With the exception of the pictures, write out the data below precisely.

====

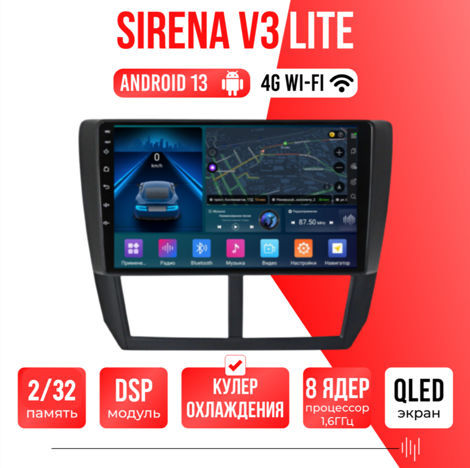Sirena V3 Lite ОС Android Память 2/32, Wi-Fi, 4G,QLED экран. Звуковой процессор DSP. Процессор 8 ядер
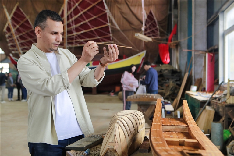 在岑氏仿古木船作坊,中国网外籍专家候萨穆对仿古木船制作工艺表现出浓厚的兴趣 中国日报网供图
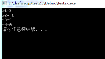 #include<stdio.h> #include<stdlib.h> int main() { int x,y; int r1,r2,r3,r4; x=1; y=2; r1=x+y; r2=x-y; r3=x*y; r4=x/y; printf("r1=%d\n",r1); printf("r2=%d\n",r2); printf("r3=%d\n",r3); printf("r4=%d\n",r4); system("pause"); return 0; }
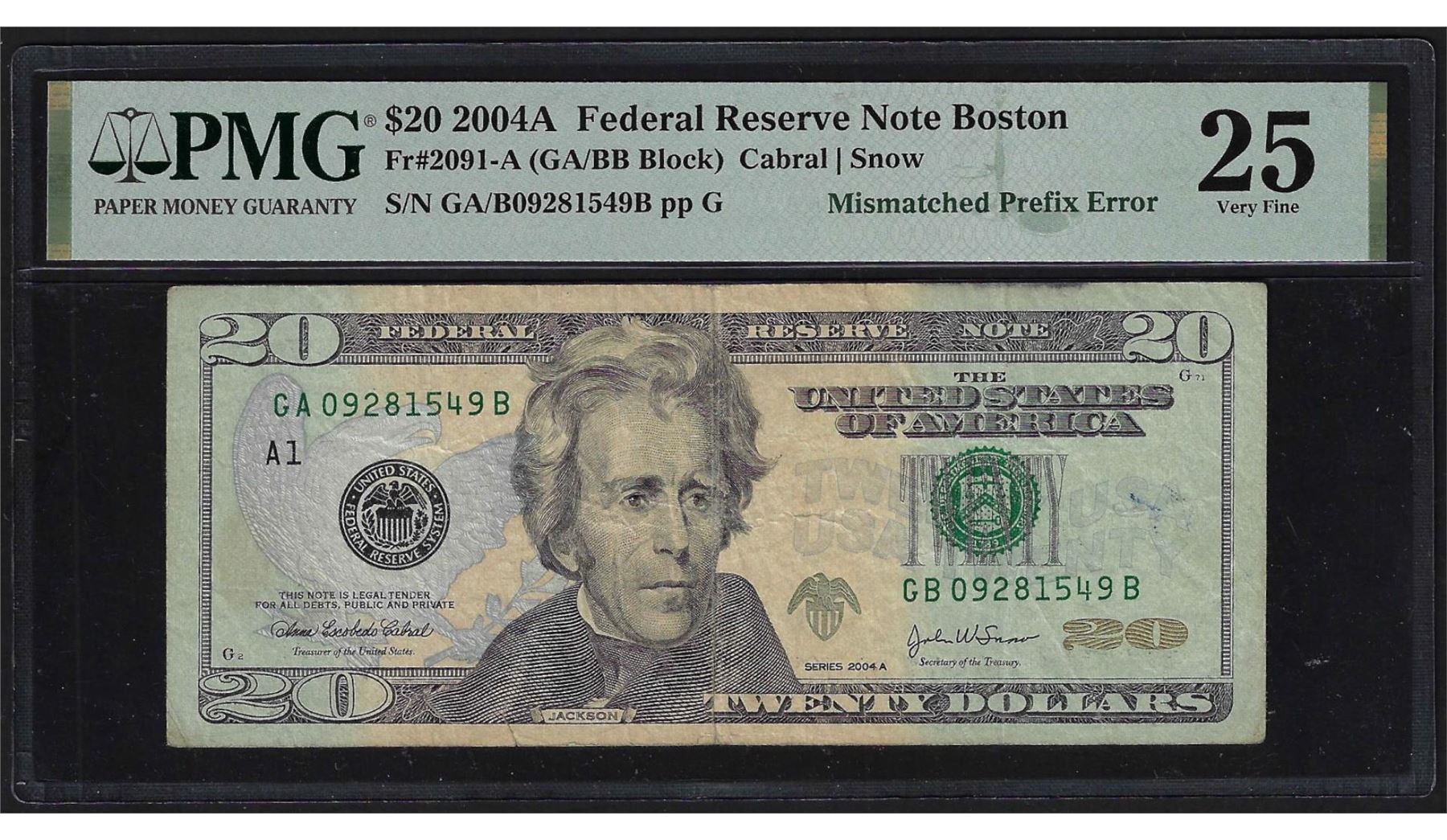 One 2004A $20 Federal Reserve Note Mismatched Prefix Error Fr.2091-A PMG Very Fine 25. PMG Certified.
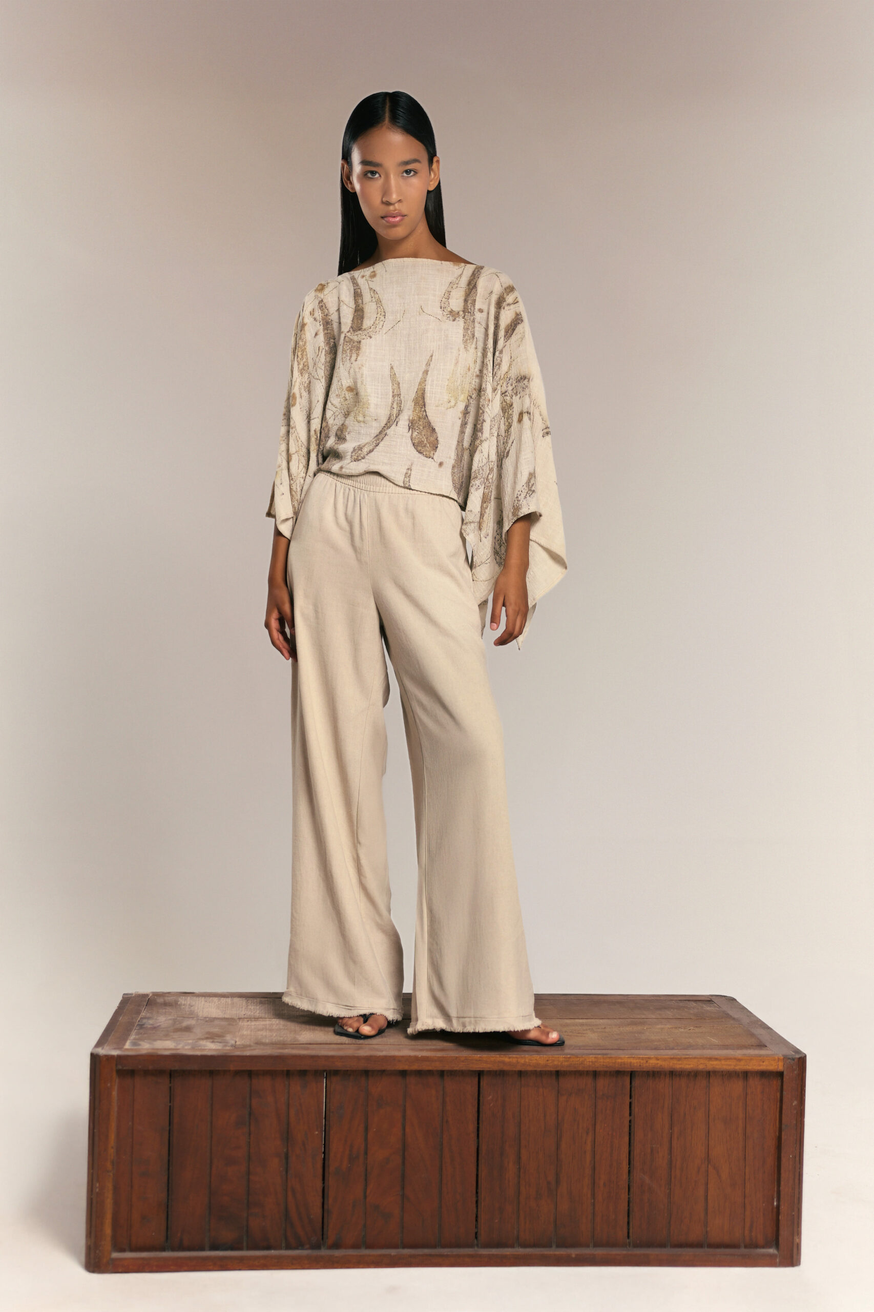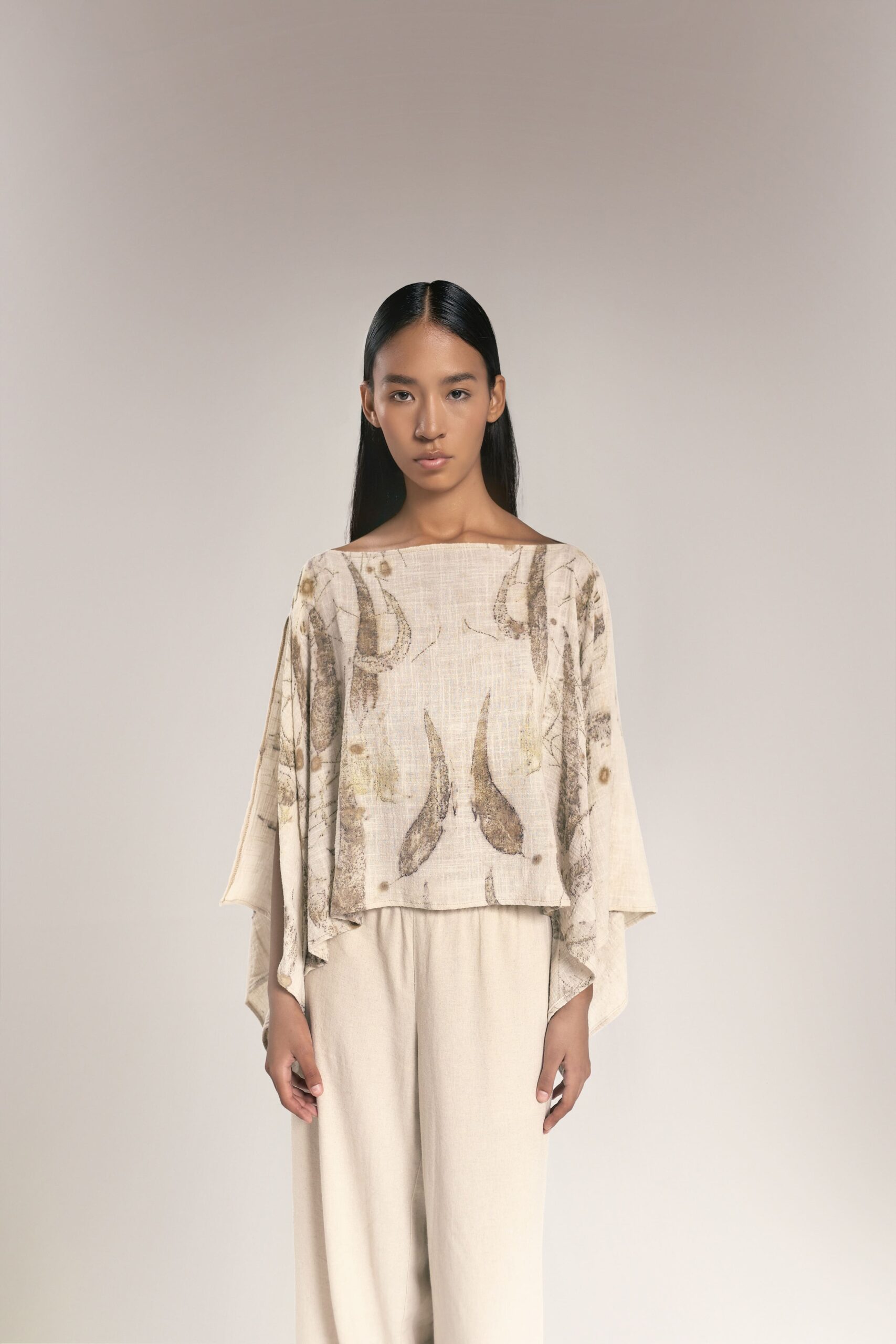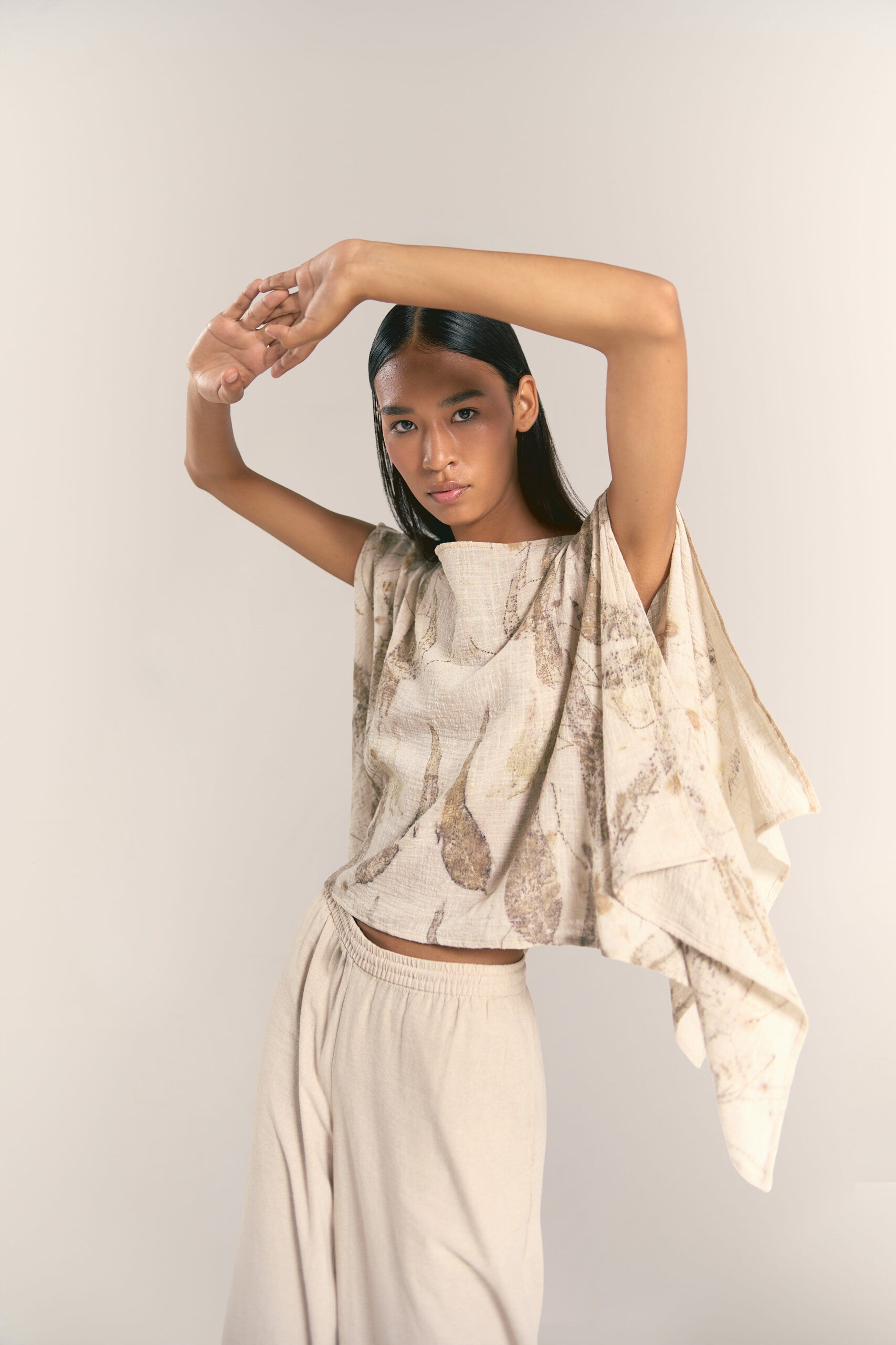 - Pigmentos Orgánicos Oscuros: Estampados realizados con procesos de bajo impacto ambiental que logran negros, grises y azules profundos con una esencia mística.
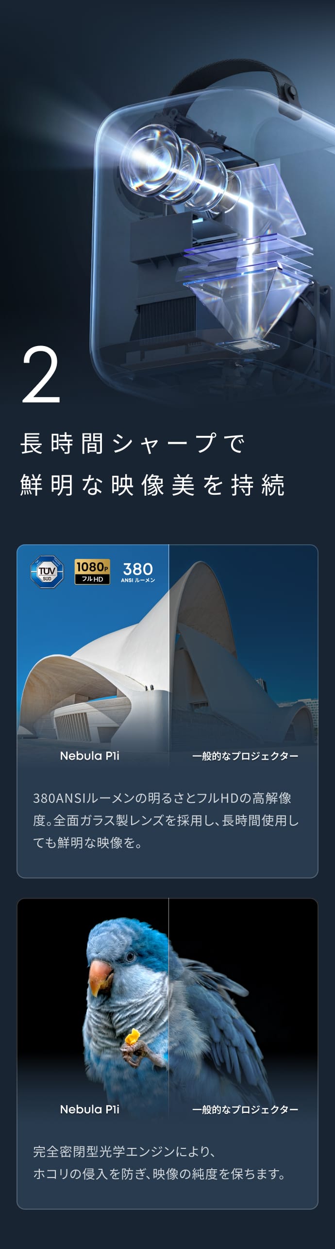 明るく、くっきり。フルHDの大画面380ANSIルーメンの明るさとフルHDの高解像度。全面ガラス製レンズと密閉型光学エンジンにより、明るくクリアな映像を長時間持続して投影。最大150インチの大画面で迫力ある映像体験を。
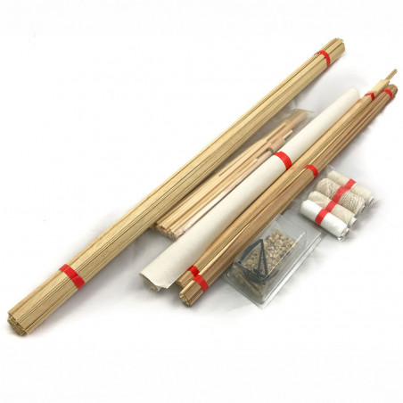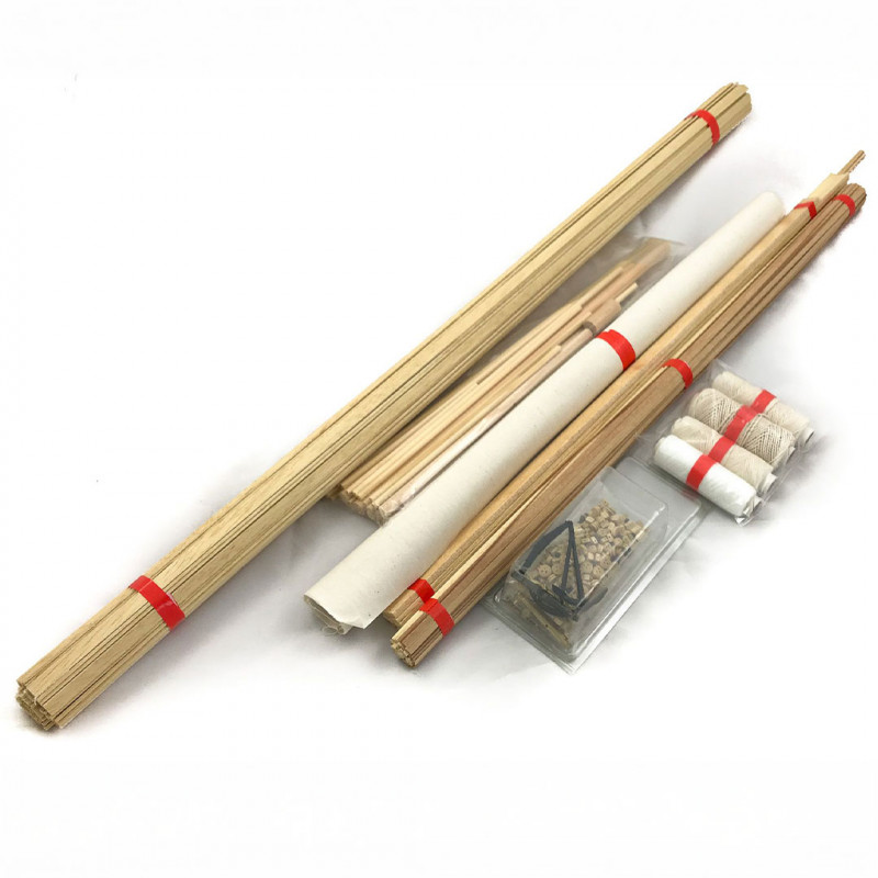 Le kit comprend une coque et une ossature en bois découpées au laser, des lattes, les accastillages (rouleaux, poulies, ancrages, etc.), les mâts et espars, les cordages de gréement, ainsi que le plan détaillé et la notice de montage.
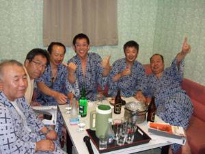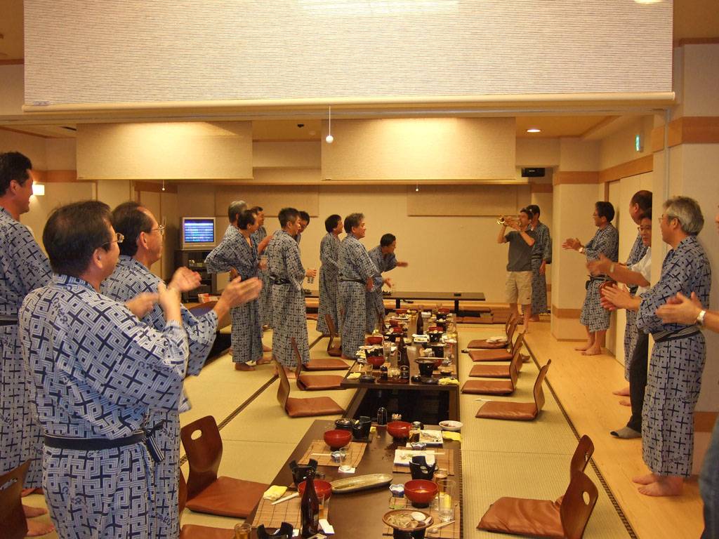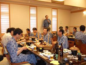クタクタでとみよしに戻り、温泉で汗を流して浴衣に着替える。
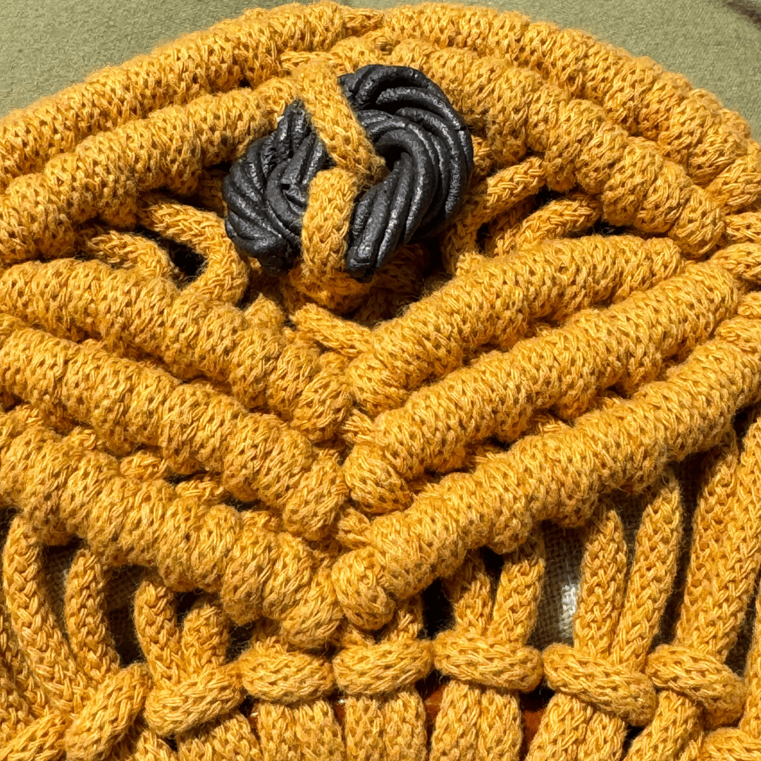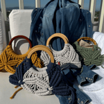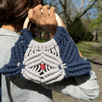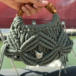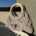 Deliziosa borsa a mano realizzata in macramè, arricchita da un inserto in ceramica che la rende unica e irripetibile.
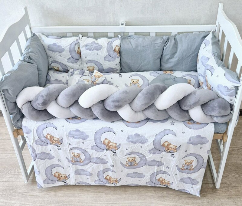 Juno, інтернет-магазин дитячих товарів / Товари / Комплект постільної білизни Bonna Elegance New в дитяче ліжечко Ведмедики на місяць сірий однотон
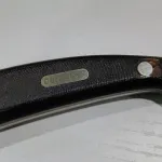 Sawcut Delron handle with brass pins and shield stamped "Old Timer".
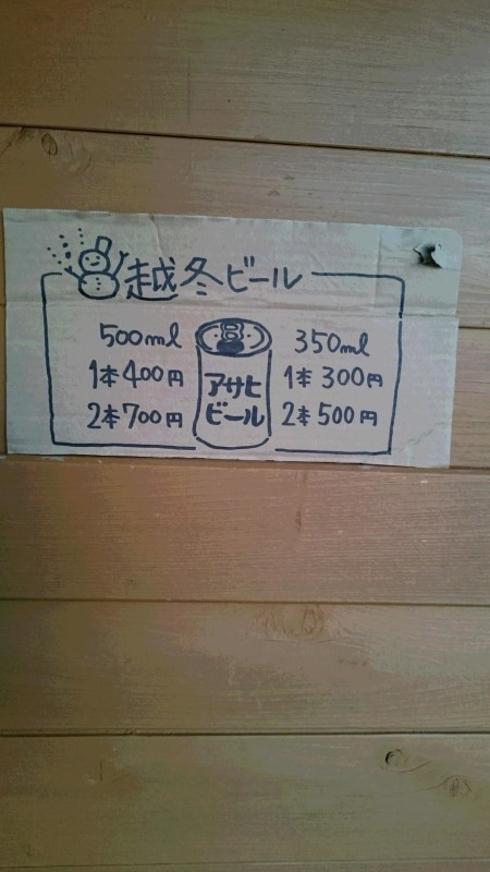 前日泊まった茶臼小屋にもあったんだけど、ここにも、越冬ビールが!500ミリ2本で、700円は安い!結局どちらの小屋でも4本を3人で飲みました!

====

§ **Solution to this problem**
Sirena V3 Lite ОС Android Память 2/32, Wi-Fi, 4G,QLED экран. Звуковой процессор DSP. Процессор 8 ядер
 在岑氏仿古木船作坊,中国网外籍专家候萨穆对仿古木船制作工艺表现出浓厚的兴趣 中国日报网供图
 #include<stdio.h> #include<stdlib.h> int main() { int x,y; int r1,r2,r3,r4; x=1; y=2; r1=x+y; r2=x-y; r3=x*y; r4=x/y; printf("r1=%d\n",r1); printf("r2=%d\n",r2); printf("r3=%d\n",r3); printf("r4=%d\n",r4); system("pause"); return 0; }
 One 2004A $20 Federal Reserve Note Mismatched Prefix Error Fr.2091-A PMG Very Fine 25. PMG Certified.
 - Pigmentos Orgánicos Oscuros: Estampados realizados con procesos de bajo impacto ambiental que logran negros, grises y azules profundos con una esencia mística.
 明るく、くっきり。フルHDの大画面380ANSIルーメンの明るさとフルHDの高解像度。全面ガラス製レンズと密閉型光学エンジンにより、明るくクリアな映像を長時間持続して投影。最大150インチの大画面で迫力ある映像体験を。
 Le kit comprend une coque et une ossature en bois découpées au laser, des lattes, les accastillages (rouleaux, poulies, ancrages, etc.), les mâts et espars, les cordages de gréement, ainsi que le plan détaillé et la notice de montage.
クタクタでとみよしに戻り、温泉で汗を流して浴衣に着替える。
 Deliziosa borsa a mano realizzata in macramè, arricchita da un inserto in ceramica che la rende unica e irripetibile.
 Juno, інтернет-магазин дитячих товарів / Товари / Комплект постільної білизни Bonna Elegance New в дитяче ліжечко Ведмедики на місяць сірий однотон
 Sawcut Delron handle with brass pins and shield stamped "Old Timer".
 前日泊まった茶臼小屋にもあったんだけど、ここにも、越冬ビールが!500ミリ2本で、700円は安い!結局どちらの小屋でも4本を3人で飲みました!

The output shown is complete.